> _TASK INSTRUCTIONS_:
Word for word, restate the lines of the data below between those holding "عااااجل :شركة توزيع" and "Ymapinc 2-Piece Stainless", inclusive; pictures do not belong in the copy.

> _DATA FOR PROCESSING_:
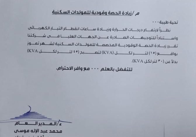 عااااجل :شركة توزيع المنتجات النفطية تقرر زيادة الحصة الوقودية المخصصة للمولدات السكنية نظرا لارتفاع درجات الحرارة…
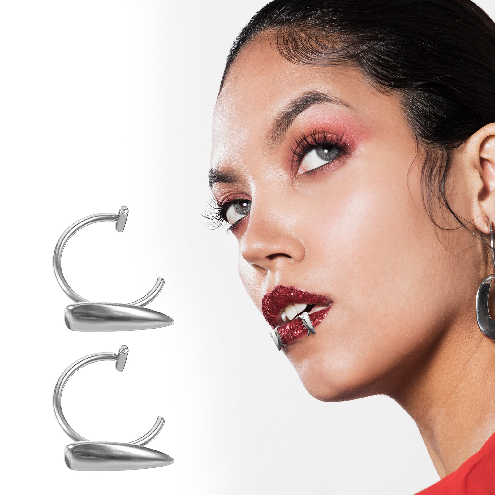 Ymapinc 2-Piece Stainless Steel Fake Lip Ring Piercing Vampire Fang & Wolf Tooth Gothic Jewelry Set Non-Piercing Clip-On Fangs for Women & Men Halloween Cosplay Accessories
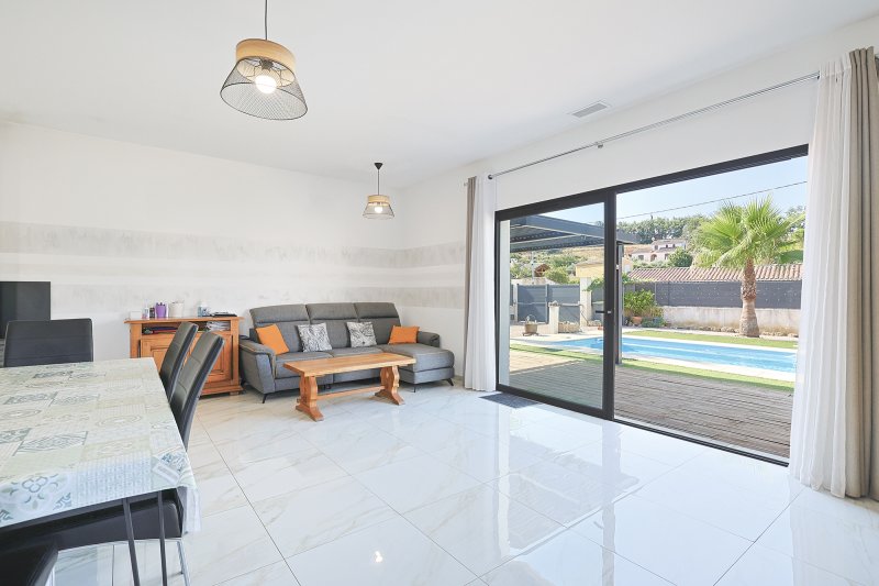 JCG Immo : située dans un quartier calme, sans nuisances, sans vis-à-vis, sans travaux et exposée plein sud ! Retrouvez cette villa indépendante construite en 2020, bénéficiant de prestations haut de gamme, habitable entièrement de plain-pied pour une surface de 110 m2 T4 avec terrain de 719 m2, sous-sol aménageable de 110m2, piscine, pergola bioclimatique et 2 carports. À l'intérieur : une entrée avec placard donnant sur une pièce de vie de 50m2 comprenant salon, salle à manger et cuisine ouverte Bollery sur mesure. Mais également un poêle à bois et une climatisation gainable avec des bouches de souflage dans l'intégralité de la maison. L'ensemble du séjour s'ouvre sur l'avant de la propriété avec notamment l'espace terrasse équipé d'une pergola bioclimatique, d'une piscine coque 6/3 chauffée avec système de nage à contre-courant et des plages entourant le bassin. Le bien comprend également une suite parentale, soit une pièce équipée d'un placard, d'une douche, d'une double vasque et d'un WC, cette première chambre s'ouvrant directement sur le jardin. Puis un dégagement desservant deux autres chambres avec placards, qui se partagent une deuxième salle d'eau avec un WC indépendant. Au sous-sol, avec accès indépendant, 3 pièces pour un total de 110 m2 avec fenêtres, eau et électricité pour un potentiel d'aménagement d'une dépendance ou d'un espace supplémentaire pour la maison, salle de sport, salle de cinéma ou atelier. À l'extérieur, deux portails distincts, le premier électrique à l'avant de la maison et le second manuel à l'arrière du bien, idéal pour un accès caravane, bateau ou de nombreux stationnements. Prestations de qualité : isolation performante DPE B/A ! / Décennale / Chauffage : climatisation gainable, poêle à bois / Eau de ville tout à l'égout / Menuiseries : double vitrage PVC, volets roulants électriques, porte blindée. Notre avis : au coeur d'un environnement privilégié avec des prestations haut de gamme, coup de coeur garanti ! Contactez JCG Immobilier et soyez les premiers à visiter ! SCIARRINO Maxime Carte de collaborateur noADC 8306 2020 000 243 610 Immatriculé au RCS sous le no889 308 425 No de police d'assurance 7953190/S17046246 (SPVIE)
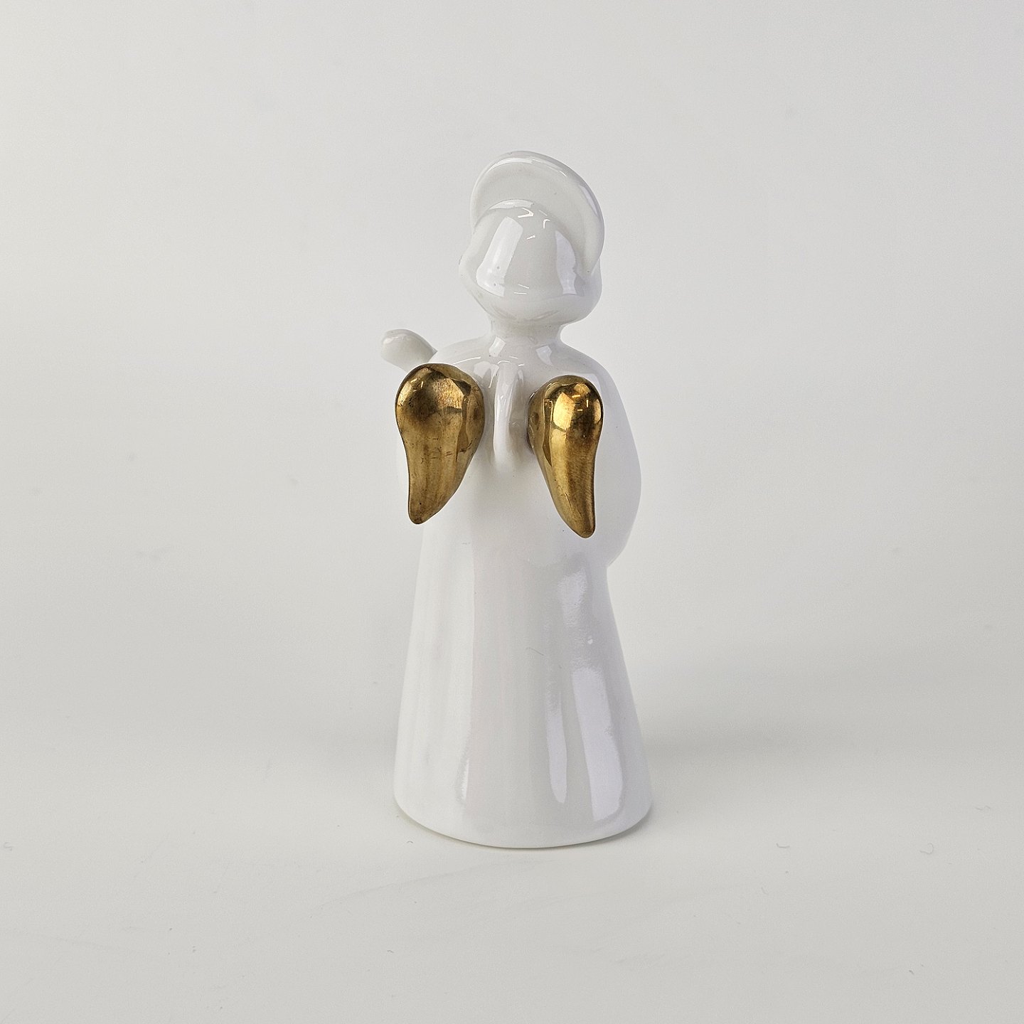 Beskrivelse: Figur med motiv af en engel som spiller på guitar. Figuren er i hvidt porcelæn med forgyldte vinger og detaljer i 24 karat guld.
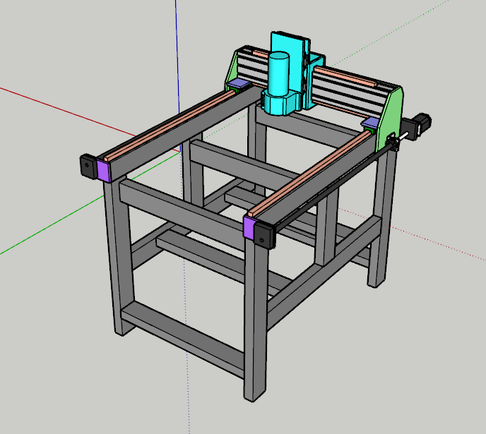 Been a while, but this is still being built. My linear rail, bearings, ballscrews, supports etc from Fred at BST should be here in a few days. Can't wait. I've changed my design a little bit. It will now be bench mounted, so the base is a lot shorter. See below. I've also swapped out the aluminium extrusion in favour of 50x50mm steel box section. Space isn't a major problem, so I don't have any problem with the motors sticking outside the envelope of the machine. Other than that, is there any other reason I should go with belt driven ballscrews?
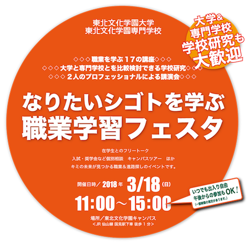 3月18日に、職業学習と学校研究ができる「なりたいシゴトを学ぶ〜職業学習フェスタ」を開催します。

==

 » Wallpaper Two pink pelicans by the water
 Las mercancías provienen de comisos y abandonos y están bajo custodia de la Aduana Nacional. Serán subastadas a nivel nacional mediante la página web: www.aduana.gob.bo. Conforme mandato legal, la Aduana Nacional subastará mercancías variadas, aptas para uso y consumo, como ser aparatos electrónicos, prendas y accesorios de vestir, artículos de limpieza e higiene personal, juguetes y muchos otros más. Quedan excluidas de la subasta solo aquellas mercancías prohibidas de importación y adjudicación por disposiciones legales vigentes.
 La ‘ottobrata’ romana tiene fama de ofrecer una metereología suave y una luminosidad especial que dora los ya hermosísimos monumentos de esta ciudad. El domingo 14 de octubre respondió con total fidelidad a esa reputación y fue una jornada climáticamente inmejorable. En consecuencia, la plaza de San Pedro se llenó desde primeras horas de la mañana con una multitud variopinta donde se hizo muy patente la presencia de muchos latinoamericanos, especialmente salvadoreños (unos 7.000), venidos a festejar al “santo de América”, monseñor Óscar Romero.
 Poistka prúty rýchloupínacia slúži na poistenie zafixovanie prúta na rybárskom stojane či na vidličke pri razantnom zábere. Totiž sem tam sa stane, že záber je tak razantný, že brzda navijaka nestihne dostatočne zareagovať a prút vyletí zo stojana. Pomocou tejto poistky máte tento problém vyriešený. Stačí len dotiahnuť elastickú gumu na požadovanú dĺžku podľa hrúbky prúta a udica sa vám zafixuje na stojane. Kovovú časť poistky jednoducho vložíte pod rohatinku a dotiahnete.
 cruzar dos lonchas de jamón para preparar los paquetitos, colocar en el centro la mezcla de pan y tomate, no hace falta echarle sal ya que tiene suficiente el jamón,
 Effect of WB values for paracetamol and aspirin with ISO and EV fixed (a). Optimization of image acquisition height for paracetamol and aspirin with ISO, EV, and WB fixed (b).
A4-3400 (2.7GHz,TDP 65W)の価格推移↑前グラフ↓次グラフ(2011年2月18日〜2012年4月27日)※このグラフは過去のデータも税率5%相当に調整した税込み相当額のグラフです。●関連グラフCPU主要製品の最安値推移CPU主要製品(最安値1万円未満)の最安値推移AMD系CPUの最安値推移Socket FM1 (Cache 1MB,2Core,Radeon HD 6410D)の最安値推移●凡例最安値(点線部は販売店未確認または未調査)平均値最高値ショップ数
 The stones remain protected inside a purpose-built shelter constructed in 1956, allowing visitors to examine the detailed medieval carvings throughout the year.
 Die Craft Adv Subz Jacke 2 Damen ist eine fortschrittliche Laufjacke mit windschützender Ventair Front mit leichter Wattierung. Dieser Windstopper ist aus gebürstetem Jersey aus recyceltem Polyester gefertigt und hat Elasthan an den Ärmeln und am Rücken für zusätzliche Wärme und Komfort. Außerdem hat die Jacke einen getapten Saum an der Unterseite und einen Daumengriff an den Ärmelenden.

---

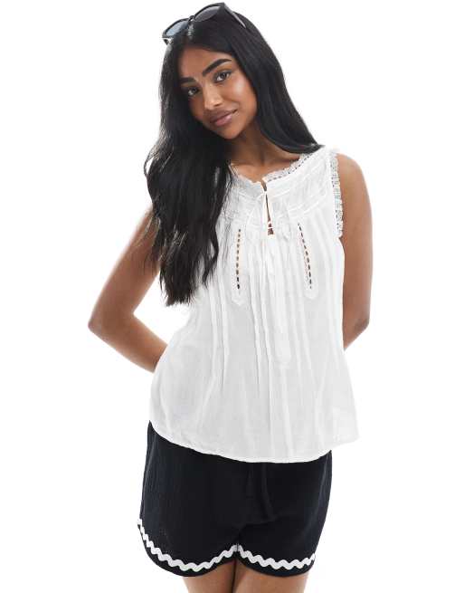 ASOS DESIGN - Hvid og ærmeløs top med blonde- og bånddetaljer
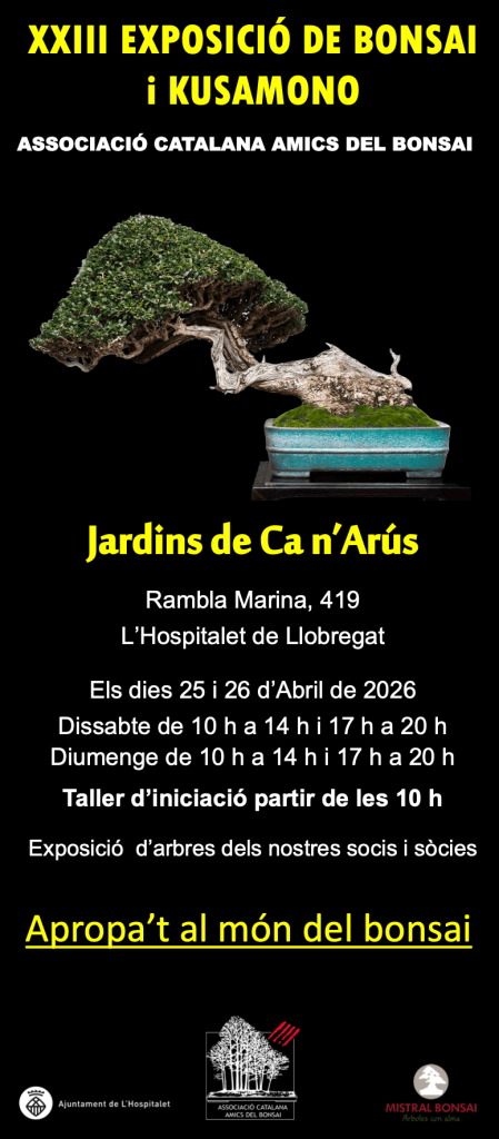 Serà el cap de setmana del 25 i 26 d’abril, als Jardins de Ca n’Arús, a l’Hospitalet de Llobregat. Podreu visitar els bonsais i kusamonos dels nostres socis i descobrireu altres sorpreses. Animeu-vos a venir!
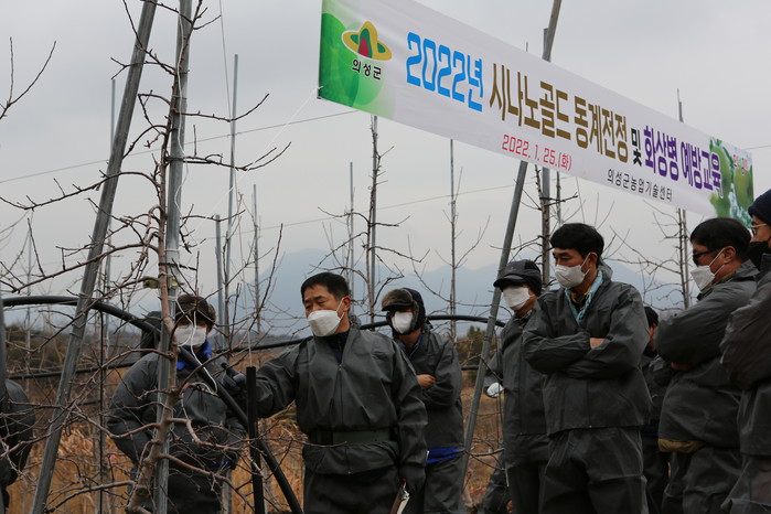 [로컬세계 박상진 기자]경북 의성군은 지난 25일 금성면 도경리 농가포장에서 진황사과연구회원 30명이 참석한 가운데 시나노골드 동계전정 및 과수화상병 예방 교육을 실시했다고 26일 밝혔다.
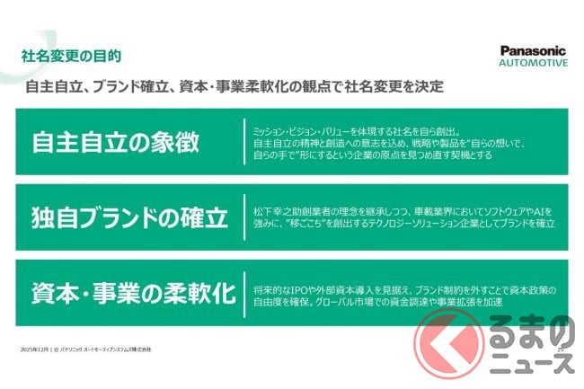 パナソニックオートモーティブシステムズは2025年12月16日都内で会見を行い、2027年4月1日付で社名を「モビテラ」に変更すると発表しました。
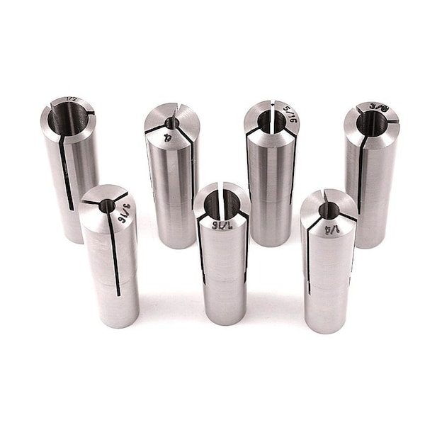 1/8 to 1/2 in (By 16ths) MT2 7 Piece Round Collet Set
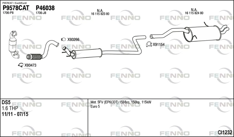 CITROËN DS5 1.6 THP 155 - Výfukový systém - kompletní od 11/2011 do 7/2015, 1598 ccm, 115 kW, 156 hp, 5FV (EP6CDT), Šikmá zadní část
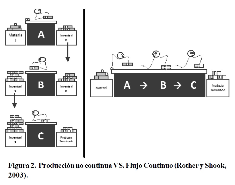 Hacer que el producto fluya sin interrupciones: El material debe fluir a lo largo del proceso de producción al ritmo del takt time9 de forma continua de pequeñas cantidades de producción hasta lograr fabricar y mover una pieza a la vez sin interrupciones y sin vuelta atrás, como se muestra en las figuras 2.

> _REPLY_:
 عااااجل :شركة توزيع المنتجات النفطية تقرر زيادة الحصة الوقودية المخصصة للمولدات السكنية نظرا لارتفاع درجات الحرارة…
 Ymapinc 2-Piece Stainless Steel Fake Lip Ring Piercing Vampire Fang & Wolf Tooth Gothic Jewelry Set Non-Piercing Clip-On Fangs for Women & Men Halloween Cosplay Accessories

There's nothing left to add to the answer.